Sunday Aug 08, 2021
The Viewing Booth / Film School Radio interview with Director Ra’anan Alexandrowicz
Prior to World War I a friend writes to Virginia Woolf asking about how to prevent the coming war. She replies… by asking him about the definition of we. When we look at a series of photographs, do we see the same thing? THE VIEWING BOOTH recounts a unique encounter between a filmmaker and a viewer — exploring the way meaning is attributed to non-fiction images in today’s day and age. In a lab-like location, Maia Levy, a young Jewish American woman, watches videos portraying life in the occupied West Bank, while verbalizing her thoughts and feelings in real time.
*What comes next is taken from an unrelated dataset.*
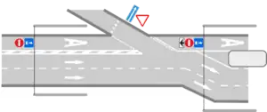Изменение расположения выделенной полосы на проезжей части (например при отдельной полосе для правого поворота или изменении числа полос) необходимо “разрезать” дорогу в месте перестроения.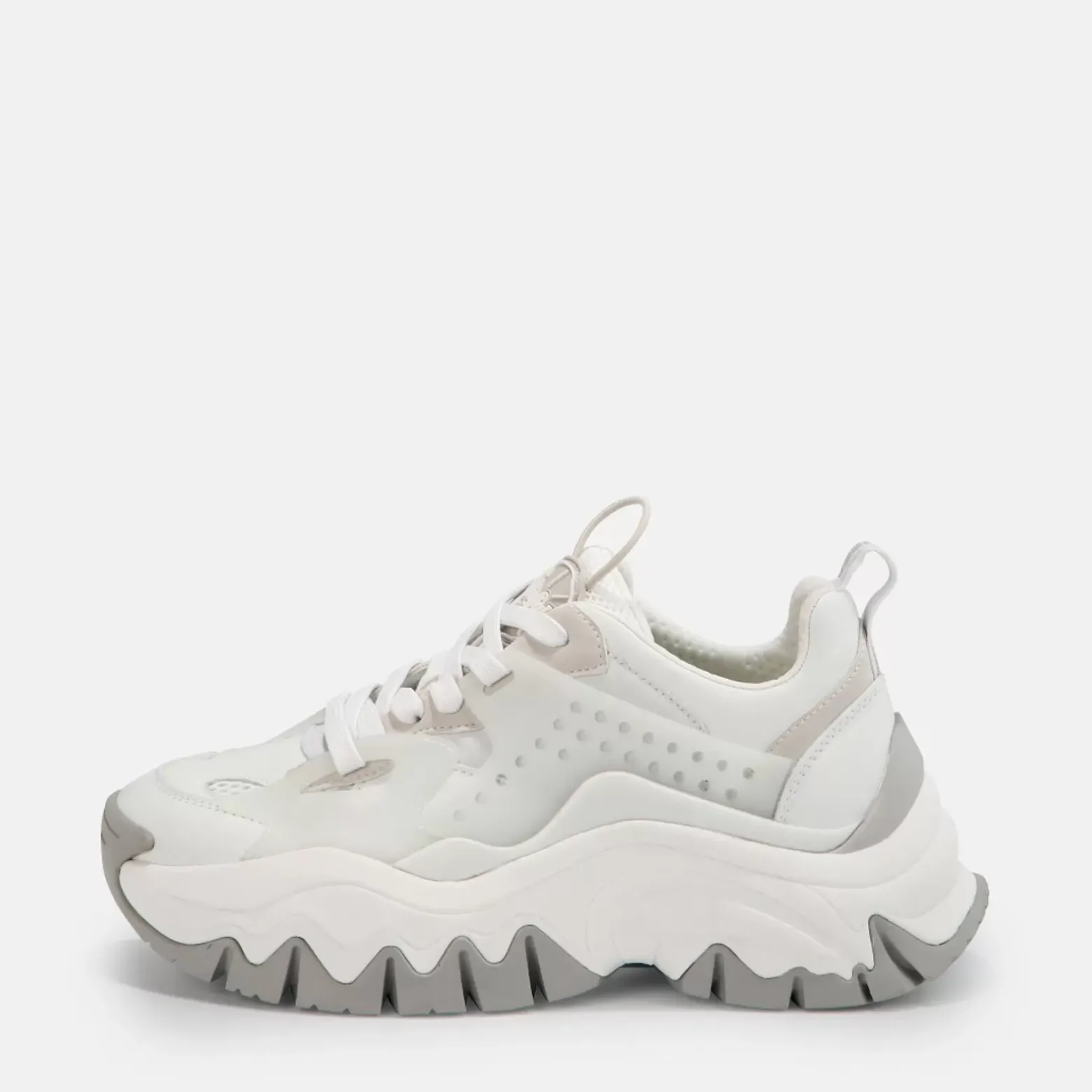 Les Trail One Blanc Brillant Sont Vraiment Un Modele De Baskets Emblematique. Les Thematiques Des Sports De Montagne Et De La Nature Se Refletent Dans Le Design A Plate-Forme De Ces Baskets. La Semelle En Caoutchouc Procure Une Traction Optimale, Meme Sur Les Surfaces Rocheuses, Tandis Que La Semelle Interieure En Mousse A Memoire De Forme Vous Permet De Mettre Un Pied Devant L’Autre Tout En Garantissant Un Confort Supplementaire.Caracteristiques :Modele Tres Respirantmatieres Veganessuperpositions En Differentes Matieressemelle Interieure Confortable En Mousse A Memoire De Forme

Maia is an enthusiastic supporter of Israel, and the images in the videos, depicting Palestinian life under Israeli military rule, contradict some of her deep-seated beliefs. Empathy, anger, embarrassment, innate biases, and healthy curiosity — all play out before our eyes as we watch her watch the images created by the Occupation. As Maia navigates and negotiates the images, which threaten her worldview, she also reflects on the way she sees them. Her candid and immediate reactions form a one-of-a-kind cinematic testimony to the psychology of the viewer in the digital era. THE VIEWING BOOTH is director Ra'anan Alexandrowicz (The Law In These Parts) joins us for a in-depth conversation regarding his inspiration and his motivation for creating a rigorous social / cultural / political evaluation of the way in which people take in, process and contextualize image-based information and how they see the world around them. For news and updates go to: theviewingboothfilm.com/en/the-film It will open at New York’s Museum of the Moving Image (MoMI) on Friday, August 6. The theatrical run will be preceded by a July 30 screening at MoMI’s First Look FF and followed by streaming access on the BBC REEL platform on August 18.